What to work on:
Please give back, exactly as written, the lines from the line with "Sehr kompetent, hilfreich" to the line with "STRAPLEZ BONCUK ISLEMELI BALIK ELBISE" in the listing below, leaving out all pictures.

··· Source records ···

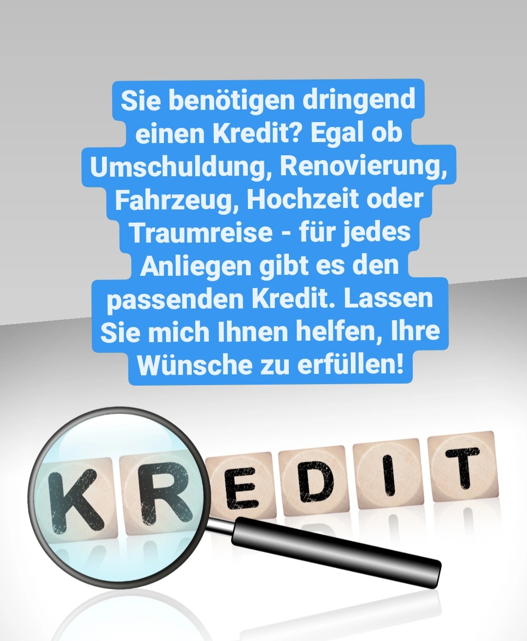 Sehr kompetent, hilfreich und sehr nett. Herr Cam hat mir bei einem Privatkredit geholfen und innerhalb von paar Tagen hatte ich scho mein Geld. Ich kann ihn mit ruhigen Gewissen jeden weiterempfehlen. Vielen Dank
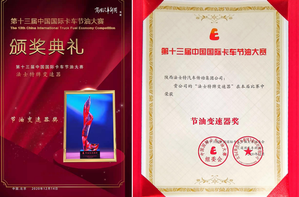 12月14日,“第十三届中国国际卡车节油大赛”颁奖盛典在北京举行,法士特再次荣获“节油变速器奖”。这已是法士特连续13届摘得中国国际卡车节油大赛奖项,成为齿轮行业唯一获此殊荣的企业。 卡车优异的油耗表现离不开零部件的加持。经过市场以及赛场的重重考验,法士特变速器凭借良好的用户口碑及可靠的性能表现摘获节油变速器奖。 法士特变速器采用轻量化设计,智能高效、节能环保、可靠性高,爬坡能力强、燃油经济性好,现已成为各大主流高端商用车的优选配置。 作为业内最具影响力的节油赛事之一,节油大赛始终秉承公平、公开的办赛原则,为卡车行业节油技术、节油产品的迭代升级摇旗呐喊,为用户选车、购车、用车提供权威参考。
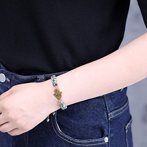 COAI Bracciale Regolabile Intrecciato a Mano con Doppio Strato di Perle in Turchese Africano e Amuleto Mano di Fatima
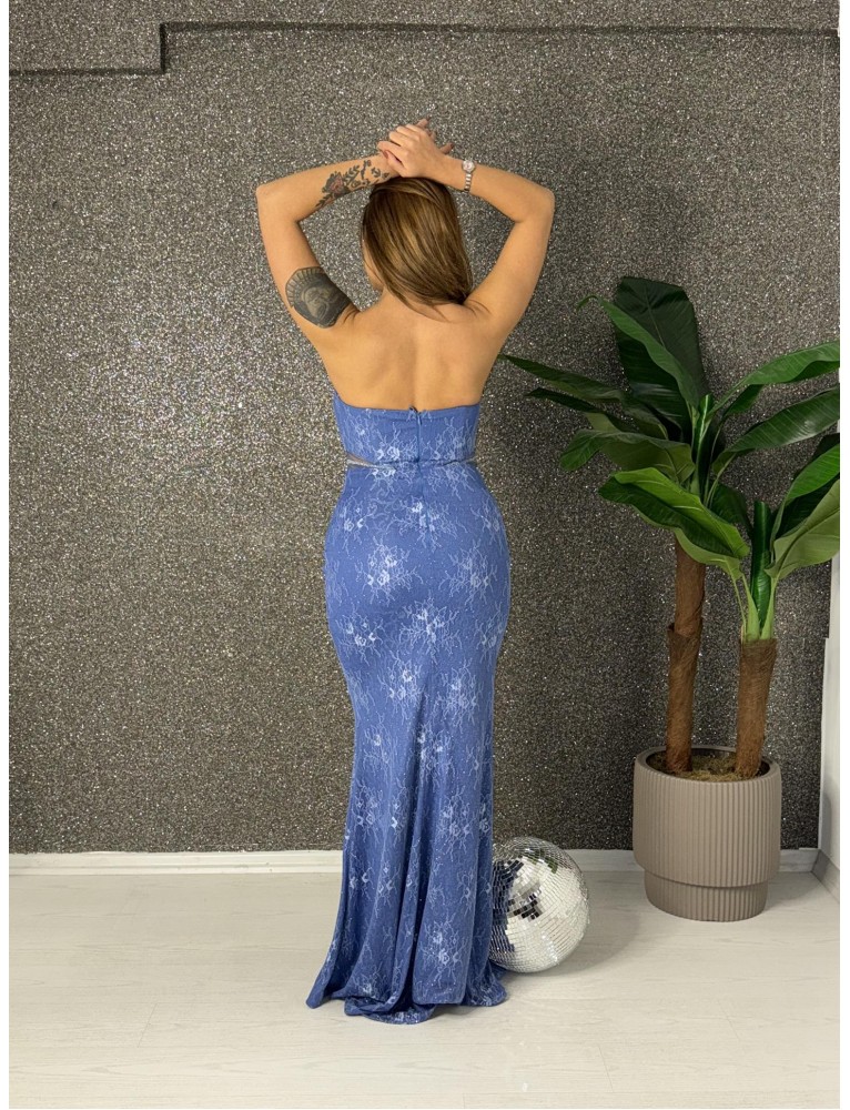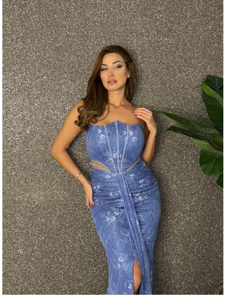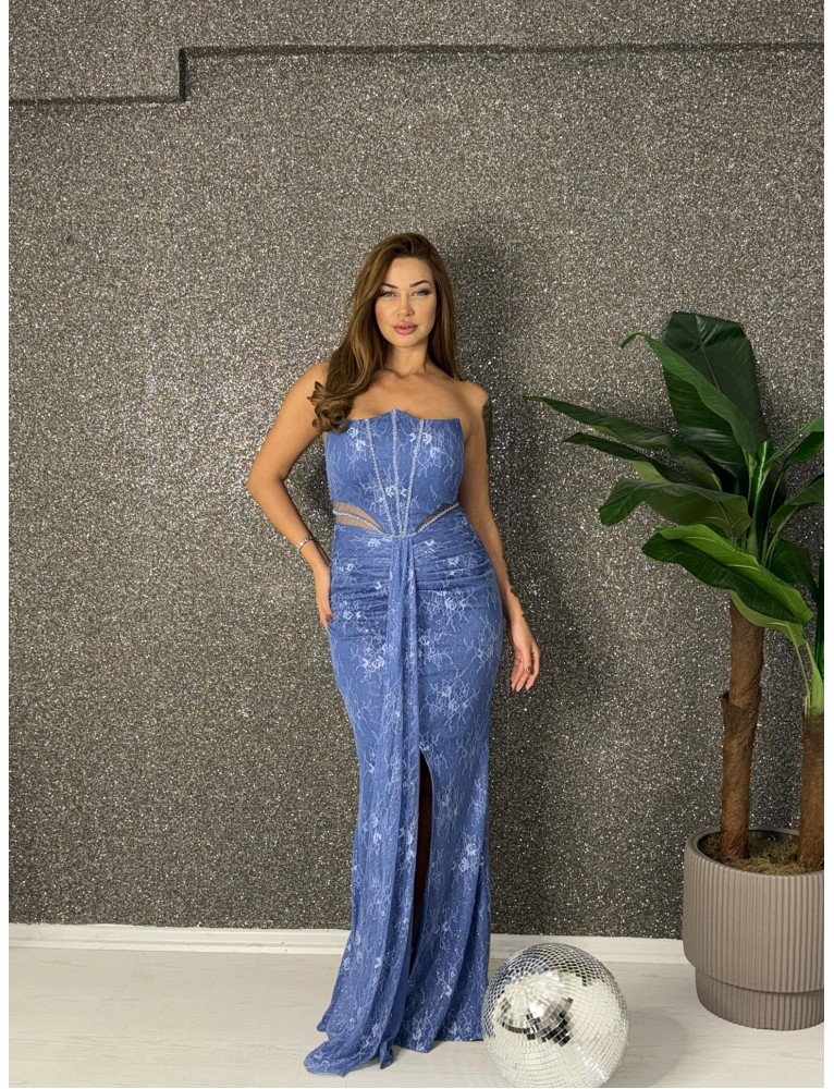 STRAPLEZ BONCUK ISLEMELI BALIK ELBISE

···
··· Source records ···

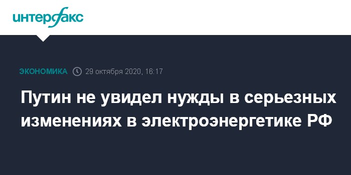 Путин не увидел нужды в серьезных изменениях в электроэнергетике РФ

···

Expected output:
 Sehr kompetent, hilfreich und sehr nett. Herr Cam hat mir bei einem Privatkredit geholfen und innerhalb von paar Tagen hatte ich scho mein Geld. Ich kann ihn mit ruhigen Gewissen jeden weiterempfehlen. Vielen Dank
 12月14日,“第十三届中国国际卡车节油大赛”颁奖盛典在北京举行,法士特再次荣获“节油变速器奖”。这已是法士特连续13届摘得中国国际卡车节油大赛奖项,成为齿轮行业唯一获此殊荣的企业。 卡车优异的油耗表现离不开零部件的加持。经过市场以及赛场的重重考验,法士特变速器凭借良好的用户口碑及可靠的性能表现摘获节油变速器奖。 法士特变速器采用轻量化设计,智能高效、节能环保、可靠性高,爬坡能力强、燃油经济性好,现已成为各大主流高端商用车的优选配置。 作为业内最具影响力的节油赛事之一,节油大赛始终秉承公平、公开的办赛原则,为卡车行业节油技术、节油产品的迭代升级摇旗呐喊,为用户选车、购车、用车提供权威参考。
 COAI Bracciale Regolabile Intrecciato a Mano con Doppio Strato di Perle in Turchese Africano e Amuleto Mano di Fatima
 STRAPLEZ BONCUK ISLEMELI BALIK ELBISE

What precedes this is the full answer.